When the President of the Canary Islands takes several regional ministers to a reception center in Tenerife this Wednesday to show them the reality of migrant minors and ask them for help, perhaps he will tell them about the Z boat and one of the most recent tombstones in the cemeteries of El Hierro, that of Aissatou Camara.
Just five days ago, when he felt that "the political tension in Madrid was contaminating" the possibilities of reaching an agreement to share the guardianship of minors with the rest of Spain, Clavijo asked everyone: "Let's not lose the reference. We are talking about children."
"I refuse to believe that we live in a country where we do not want to guarantee the rights of boys and girls who could be our children, who could be our brothers, our nephews or our grandchildren," he lamented, before remarking that they are survivors of the deadliest route in the world and that many have been marked by terrible journeys.
Like the one of the boat that entered the port of La Restinga on its own in the early morning of Sunday, July 7, the last one to date in El Hierro. It reached land after twelve days of navigation from Senegal, with 147 occupants, two of them already corpses: a woman and a man identified as Z-8 and Z-147.
In the official register of rescues by islands, each boat is associated with a letter and its occupants are always assigned a code formed with that same letter and a number. If it is a corpse and no one can give information about their name, it will be the only data that appears on their tombstone, along with the date of their arrival in the Canary Islands.
Aissatou Camara, a 24-year-old Guinean woman, was close to being buried in that way. In fact, the code Z8 with the date of July 7, 2024 appears on the tombstone of her niche in the El Pinar cemetery.
But El Hierro is different, everything there is smaller, more familiar and human, and someone tried to find out Aussatu's name before giving her her last goodbye, even though not even 36 hours had passed since her death.
The people of El Hierro try with everyone. They also succeeded with Seckou Diallo, the man who lies next to her, who died in the boat that arrived a day before hers, the Y. With Z-147 they did not arrive on time.
Probably Aissatou's name was given by her daughter, a nine-year-old girl who is admitted to the small hospital on the island, in Valverde.
She is still in shock: she saw her mother die and has gone through the ordeal of having to tell the news by phone to her father, an immigrant who is trying to survive as he can in Europe, health sources and migrant support groups have told EFE.
With her in the health center is another child of about six years old who was traveling in the same boat. He was with his father, one of the seven migrants - some minors - who died before seeing land when they ran out of water. His body, like that of the other deceased, was thrown into the Atlantic.

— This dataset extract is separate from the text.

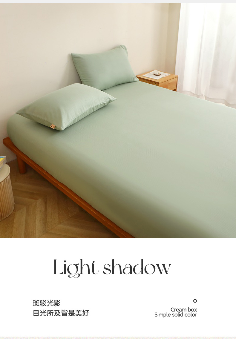 晶缦家纺 2025新款纯棉纯色全棉双层纱系列单床笠 觅琳-嫩荷绿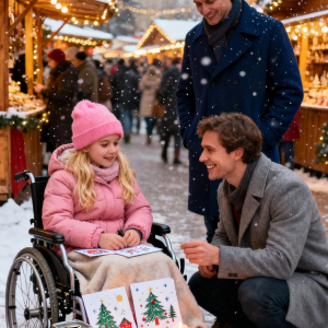 The winter market shimmered with twinkling lights and the warm scent of cinnamon. Snow fell gently on the cobblestone square, and vendors called out their wares beneath striped...

The child is overwhelmed, locked in himself. He may have seen his father sink forever into the sea or those around him in that trance may have done everything possible to prevent him from witnessing it. But the child knows that his father has died.
The two have already been recognized as children in need of protection. They are already on the list of minors under the tutelage of the Government of the Canary Islands, with another 5,500 who arrived before them. As soon as they are discharged from the hospital, they will move to a center suitable for their age and the trauma they have suffered, sources involved in their reception have explained.
They are not the only ones crying these days at El Hierro Hospital. A woman from the same boat keeps asking about her son, she says he is only a few months old. She begs to see him since she is aware that she is in a medical center. 14 minors arrived alive on land in their boat, but none is such a small child.
On a route that killed 5,054 people from January to June, one every 45 minutes, it is not difficult to find tragedies. This is just one more. This is the story of the Z boat, two orphans and a desperate mother.